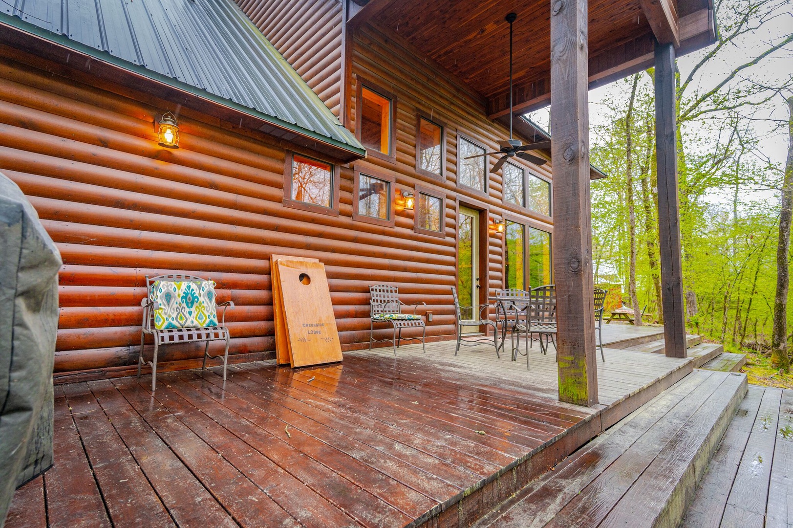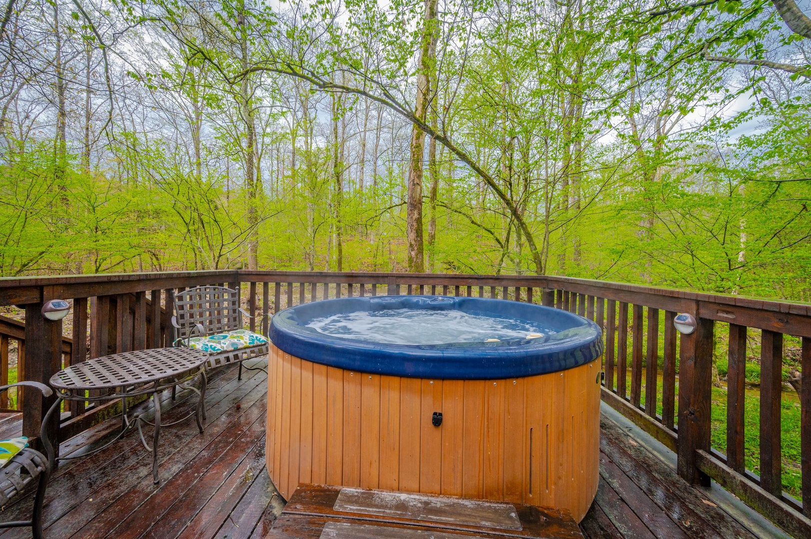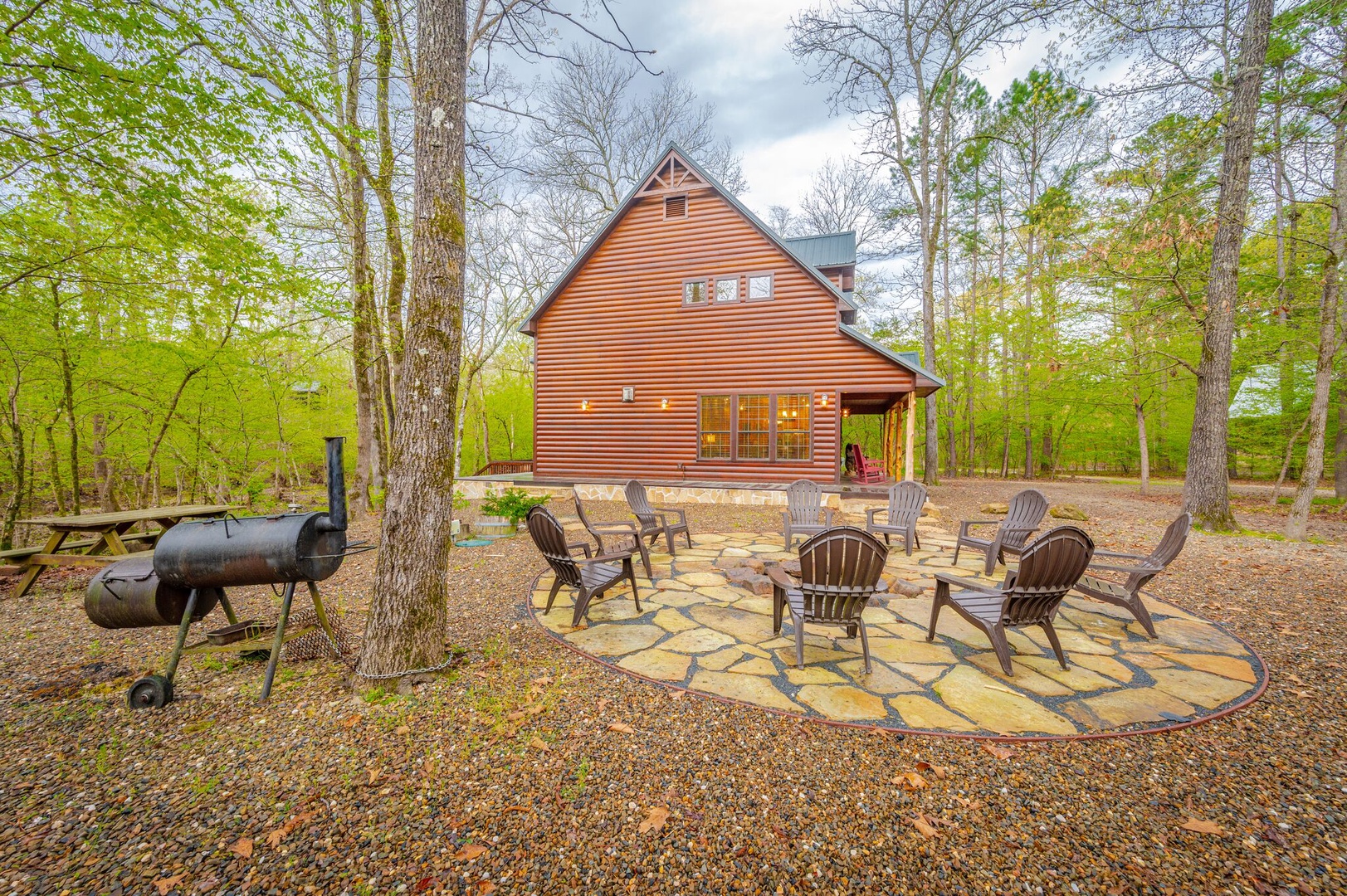 Creekside Lodge is located in Timber Creek Trails. Two miles north of Hochatown, in the Ouachita National Forest, you are just minutes from the Stevens Gap Marina, Cedar Creek Golf Course, excellent fly fishing on the Lower Mountain Fork River and hundreds of miles of forestry logging trails for off-road activity. During the day make memories roaming the beautiful natural forest for 'treasures', or take your shoes off and wade in the cool waters of the spring fed creek. For night time enjoyment, don't forget the marshmallows for roasting s'mores by the campfire, and your bathing suit so you can spend time relaxing in the hot tub overlooking the creek and the star-filled Oklahoma night sky!
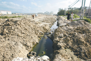 工程于今年3月28日开工,原计划工期一年时间。但7个月过去了,工程的前期准备工作还没完成,沿路凹凸不平,前段时间的连续降雨更使道路泥泞不堪,根本无法通行(见右图,本报记者程范淦摄),严重影响了周边3万多群众的出行,民怨比较强烈。包括本报在内,曾有多家报道关注过此事。《救救被困“城市孤岛”的三亚学子》、《关于荔枝沟的道路———致三亚市委、市政府的信》……在南海网、天涯社区、海南在线等各大论坛、网站上,反映三亚金鸡岭路延伸段改造工程的帖子四处可见,引发群众热议,受到社会的广泛关注。
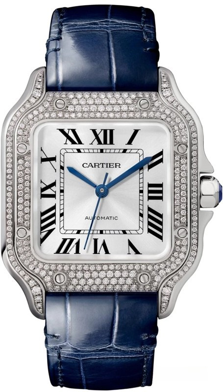 Часы Cartier Santos de Cartier Santos Medium 35 mm представлены в корпусе из белого золота 18к. Внутри корпуса установлен автоматический механизм, Калибр 1847 MC. На серебристом циферблате отображаются часы, минуты, секунды. Часы комплектуются ремешком из кожи аллигатора с золотой застежкой. Корпус инкрустирован белыми бриллиантами.
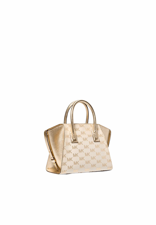 Michael Kors Avril Small Logo Jacquard and Metallic Satchel Bag In Pale Gold 35S5G4VS1U

◆ EXERCISE OBJECTIVE: An exact copy of the listing above, minus its pictures, is what is needed here.

◆ RESPONSE:
 Creekside Lodge is located in Timber Creek Trails. Two miles north of Hochatown, in the Ouachita National Forest, you are just minutes from the Stevens Gap Marina, Cedar Creek Golf Course, excellent fly fishing on the Lower Mountain Fork River and hundreds of miles of forestry logging trails for off-road activity. During the day make memories roaming the beautiful natural forest for 'treasures', or take your shoes off and wade in the cool waters of the spring fed creek. For night time enjoyment, don't forget the marshmallows for roasting s'mores by the campfire, and your bathing suit so you can spend time relaxing in the hot tub overlooking the creek and the star-filled Oklahoma night sky!
 工程于今年3月28日开工,原计划工期一年时间。但7个月过去了,工程的前期准备工作还没完成,沿路凹凸不平,前段时间的连续降雨更使道路泥泞不堪,根本无法通行(见右图,本报记者程范淦摄),严重影响了周边3万多群众的出行,民怨比较强烈。包括本报在内,曾有多家报道关注过此事。《救救被困“城市孤岛”的三亚学子》、《关于荔枝沟的道路———致三亚市委、市政府的信》……在南海网、天涯社区、海南在线等各大论坛、网站上,反映三亚金鸡岭路延伸段改造工程的帖子四处可见,引发群众热议,受到社会的广泛关注。
 Часы Cartier Santos de Cartier Santos Medium 35 mm представлены в корпусе из белого золота 18к. Внутри корпуса установлен автоматический механизм, Калибр 1847 MC. На серебристом циферблате отображаются часы, минуты, секунды. Часы комплектуются ремешком из кожи аллигатора с золотой застежкой. Корпус инкрустирован белыми бриллиантами.
 Michael Kors Avril Small Logo Jacquard and Metallic Satchel Bag In Pale Gold 35S5G4VS1U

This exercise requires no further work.